• _Stored records_:
──────────────────────────────

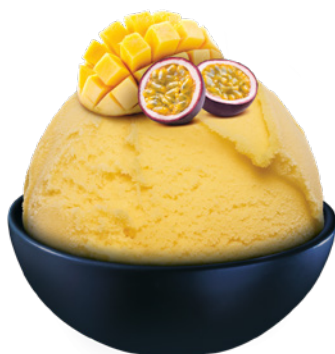
Sorbet Mango-Marakuja Schöllern
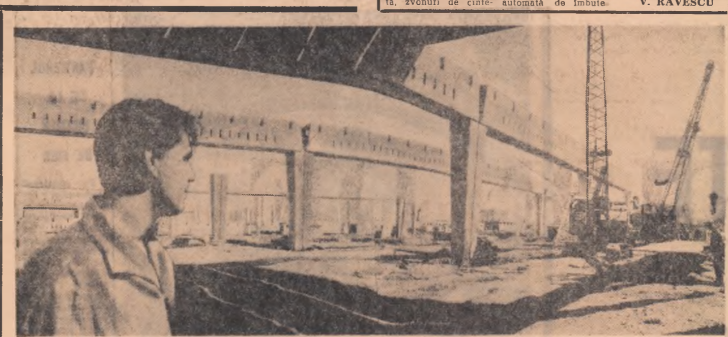
În cartierul „Drumul Taberei” se alină în plină construcție fabrica de tricotate tip Ild. Aici se vor confecționa anual aproximativ 500.000 buccii de tricoteaje.
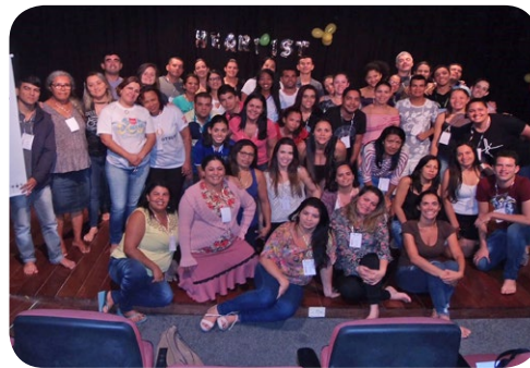
Mercure Maceió e ibis Maceió
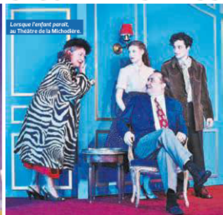
Lorsque l'enfant paraît, au Théâtre de la Michodière.
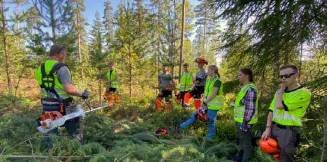
OSLO OG AKERSHUS: Opplæring ble gitt før disse ungdommene tok fatt på jobben i Nes kommune.
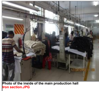
Photo of the inside of the main production hall Iron section.JPG
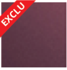
ROUGE 2100 Sablé
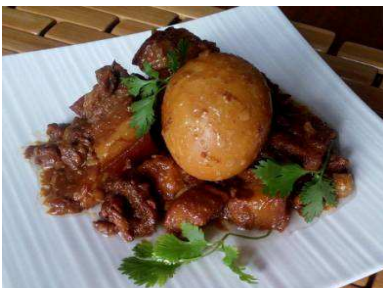
Porc caramel traditionnel
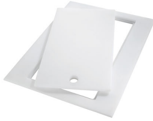
Tagliere Twin in HDPE
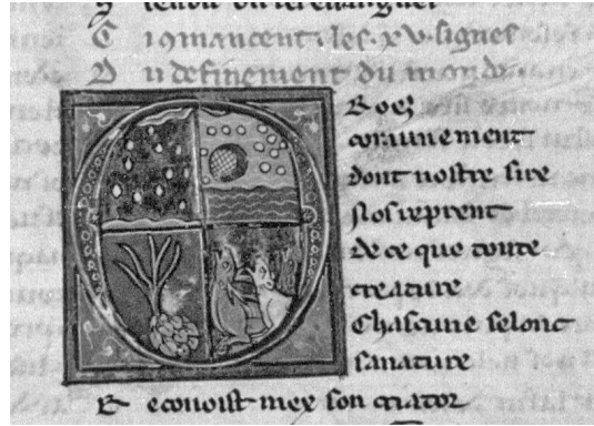
Abb. 2 O-Initiale. Ms. français 1533, Paris, fol. 33r

bornschen Bibliothek in Pommersfelden datiert; sie entstammt der Oberpfalz. Der Text folgt der sogenannten altfranzösischen (oder anglo-normannischen) Version der Fünfzehn Zeichen (Abb. 1). In jenen Jahren, genauer gesagt 1344/45, malte auch der als Orcagna bekannte Andrea di Cione ein Fresko an die südliche Wand des Seitenschiffs von Santa Croce in Florenz. Das Hauptbild zeigte den Triumph des Todes, das Jüngste Gericht und die Hölle, umgeben war diese heute weitgehend zerstörte Trias von einem Schmuckrahmen mit Medaillons – in letzteren waren die Fünfzehn Zeichen dargestellt (Farbabb. 2). Wohl 1390 entstand in Nürnberg ein von der Familie Rieter gestiftetes Glasfenster. Sein Motiv ist von einem Schriftband umgeben, welches besagt, dass hier die Fünfzehn Zeichen vor dem Jüngsten Gericht zu sehen sind (Farbabb. 3). Die älteste bekannte Darstellung hingegen ist nur ein Ausschnitt aus der Reihe der Zeichen. Es handelt sich dabei um die Illustration in einer Initiale einer französischen, um 1276–1287 entstandenen Handschrift. In einem in Viertel unterteilten \text{O} sind vier Zeichen zu sehen (Abb. 2).
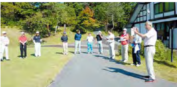
表彰式(タスパークホテル)
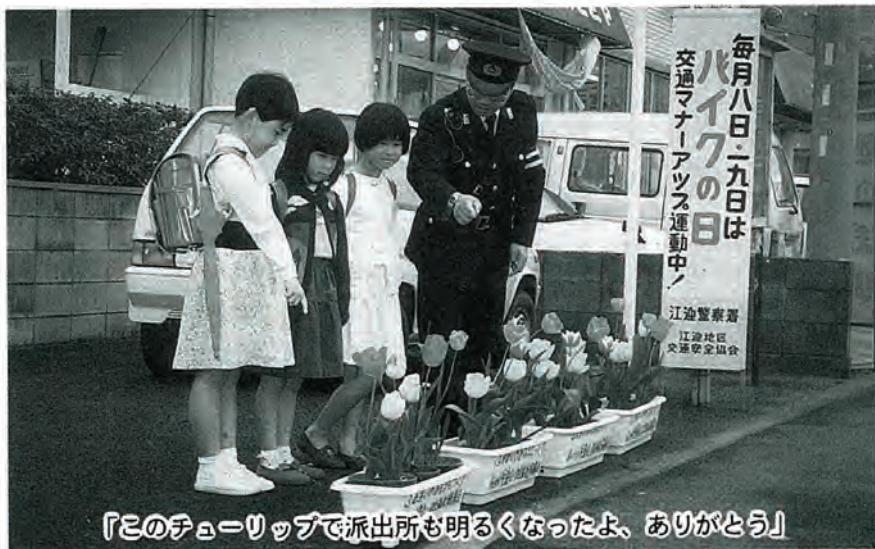
「このチューリップで派出所も明るくなったよ、ありがとう」
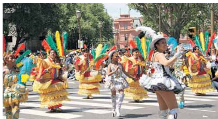
Bolivijos išeivių eiseną Buenos Airėse
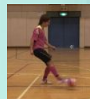
アウトサイドトラップ
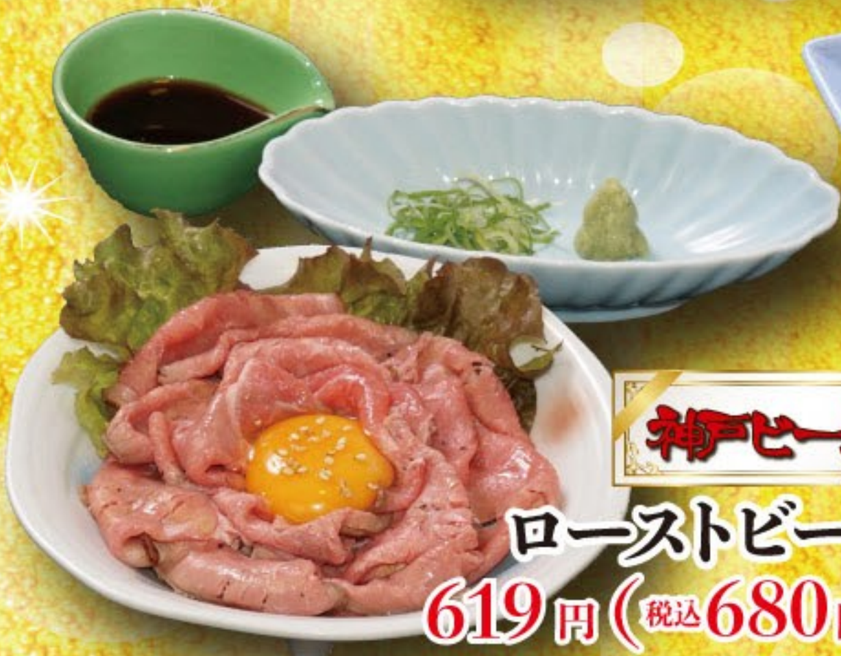
神戸ビーフ ローストビーフ 619円 (税込 680円)
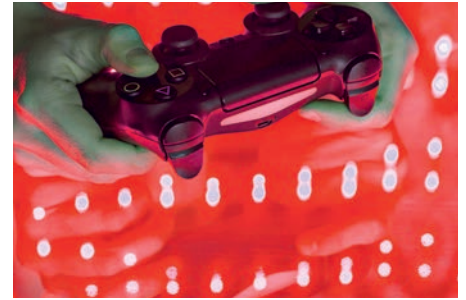
Gaming Disorder ist eine durch die WHO anerkannte Krankheit

(APVAC1), die auf die nicht-mutierten, aber von den Tumorzellen stark überexprimierten Antigene ausgerichtet ist, gefolgt von einer Impfung APVAC2, die vorzugsweise auf die Neoantigene gerichtet ist. Die Zusammensetzung der Impfstoffe erfolgte für jeden Patienten nach einer Analyse des Genoms (dem «Personalausweis») und der Peptide (dem «digitalen Fingerabdruck») seiner Tumoren personalisiert. Bei keinem der Patienten trat eine unerwünschte Nebenwirkung auf. Die beiden Impfstofftypen riefen eine so starke Immunreaktion hervor, wie sie im Zusammenhang mit Gehirntumoren bisher noch nie beobachtet wurde. (Hôpitaux Universitaires Genève HUG)
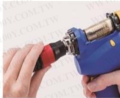
專用吸嘴更換扳手
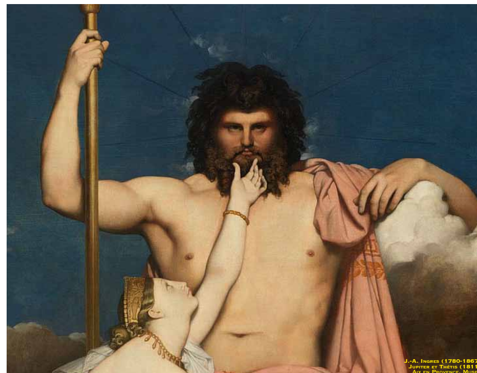
J.-A. Ingres (1780-1867) JUPITER ET THÉTIS (1811) AIX EN PROVENCE, MUSÉE GRANET (OIL ON TELA PAST)

SASSARI, VENERDÌ 16 APRILE, ORE 20 + TEATRO VERDI
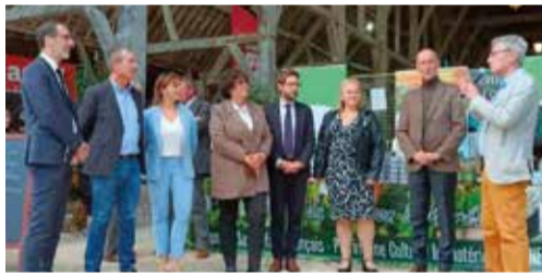
24-25 septembre - Salon remarquable du goût
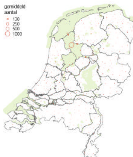
Verspreidingskaart grote zaagbek

Huidige verspreiding en voorkomen binnen Nederland: Overwinterende grote zaagbekken zijn in Nederland sterk geconcentreerd in het IJsselmeergebied. Van enige betekenis zijn ook de plassen in Friesland en Noordwest-Overijssel.
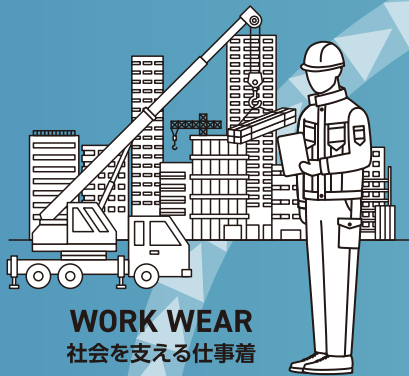
WORK WEAR 社会を支える仕事着
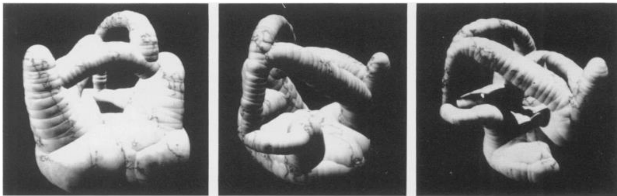
Slika 1. Mike King, Morph I, 1991. – računalna grafika u 3 projekcije uz dodavanje sjena u trećoj
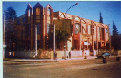
ՀԲԸՄ Կեդրոն, Կորդովա
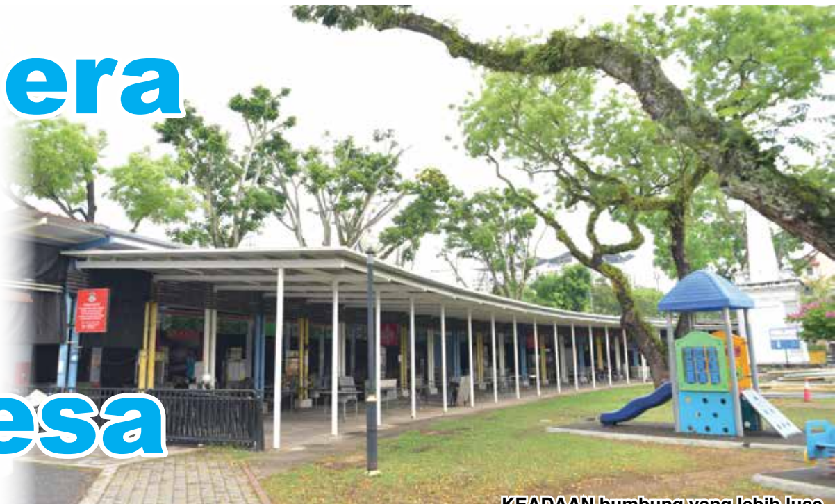
KEADAAN bumbung yang lebih luas.

Oleh : WATAWA NATAF ZULKIFLI
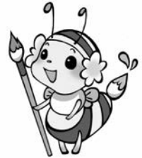
ブログキャラクター「きんぴー」
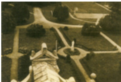
Vilkėno dvaro parko parterio fragmentas. XX a. pr. Fotografas nežinomas. Dešinėje – Vilkėno dvaro sodyba iš paukščio skrydžio 1952 metais. Fotografas nežinomas. Fotoreprodukcijos iš RKIC archyvo
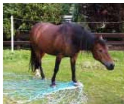
Große Ponyfüße auf kleinen Maschen von halbfer-tigem Heunetz

Meine Pferde und ich sind seit zwei Jahren sehr zufrieden mit dieser Art der Heufütterung, und ich ärgere mich nur, nicht schon früher auf die Idee gekommen zu sein!
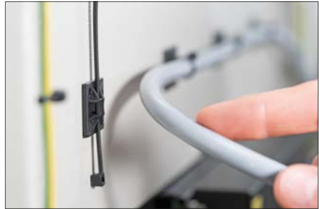
SolidTack-Serie mit Hochleistungskleber in Kombination mit einem Kabelbinder der T-Serie.
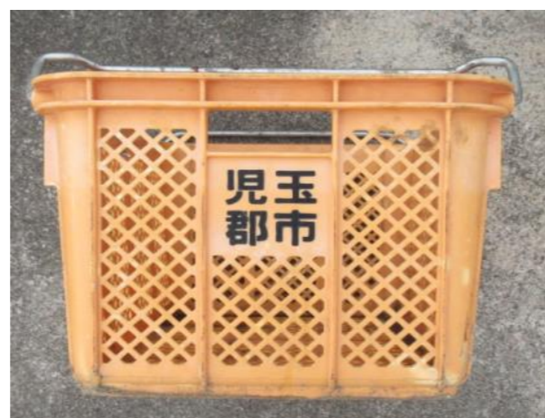
びん類回収容器(オレンジ色回収容器)
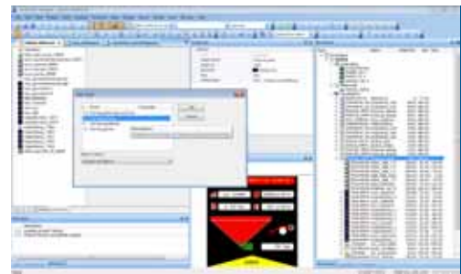
Für die Praxis optimiert

Profitieren Sie von zahlreichen Komfortfunktionen, die Ihnen das tägliche Arbeiten erleichtern. So lässt sich auch die Arbeitsoberfläche an Ihre individuellen Bedürfnisse anpassen. Alle Funktionen durchlaufen zunächst einen intensiven Praxistest, bevor sie final in das Programm implementiert werden.
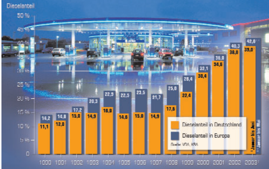
Seit 1990 hat sich der Dieselanteil bei Neuwagen in Deutschland und Europa deutlich erhöht. Manche Länder erreichen sogar Quoten von 70 Prozent.
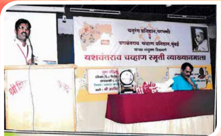
विभागीय केंद्र, परभणी आयोजित यशवंतराव चव्हाण स्मृती व्याख्यानमाला
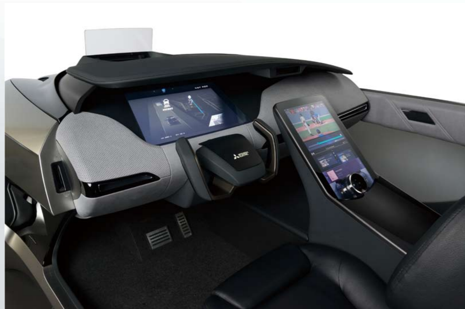
EMIRAI4 (車内) EMIRAI4 interior

The concept car represents the result of development in 3 key domains for the smart mobility era.
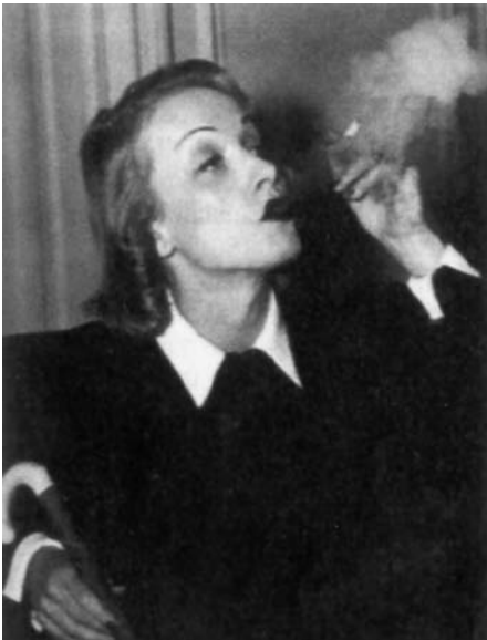
Abb. 1.7. Marlene Dietrich, eine Vorkämpferin für die rauchende Frau

Einen weiteren Aufschwung für die Zigarettenindustrie brachte der 2. Weltkrieg, wobei die bei den Alliierten in Uniform gekleidete Frau zusammen mit den Soldaten entweder Camel oder Chesterfield rauchte. Der Zigarettenverbrauch vervierfachte sich in dieser Zeit weltweit. Nun konnte die Frau ebenso wie der Mann in der Öffentlichkeit rauchend auftreten. Zudem kamen die besonders für Frauen geschaffene „King-Size-“ und Mentholzigarette auf.

──────────────────────────────

• _Work instructions_: Look above for the line with "Profitieren Sie von" and the line with "EMIRAI4 (車内) EMIRAI4 interior", then copy exactly the lines from the first through the second, both kept, with no pictures.

• _Answer space_:
Profitieren Sie von zahlreichen Komfortfunktionen, die Ihnen das tägliche Arbeiten erleichtern. So lässt sich auch die Arbeitsoberfläche an Ihre individuellen Bedürfnisse anpassen. Alle Funktionen durchlaufen zunächst einen intensiven Praxistest, bevor sie final in das Programm implementiert werden.
Seit 1990 hat sich der Dieselanteil bei Neuwagen in Deutschland und Europa deutlich erhöht. Manche Länder erreichen sogar Quoten von 70 Prozent.
विभागीय केंद्र, परभणी आयोजित यशवंतराव चव्हाण स्मृती व्याख्यानमाला
EMIRAI4 (車内) EMIRAI4 interior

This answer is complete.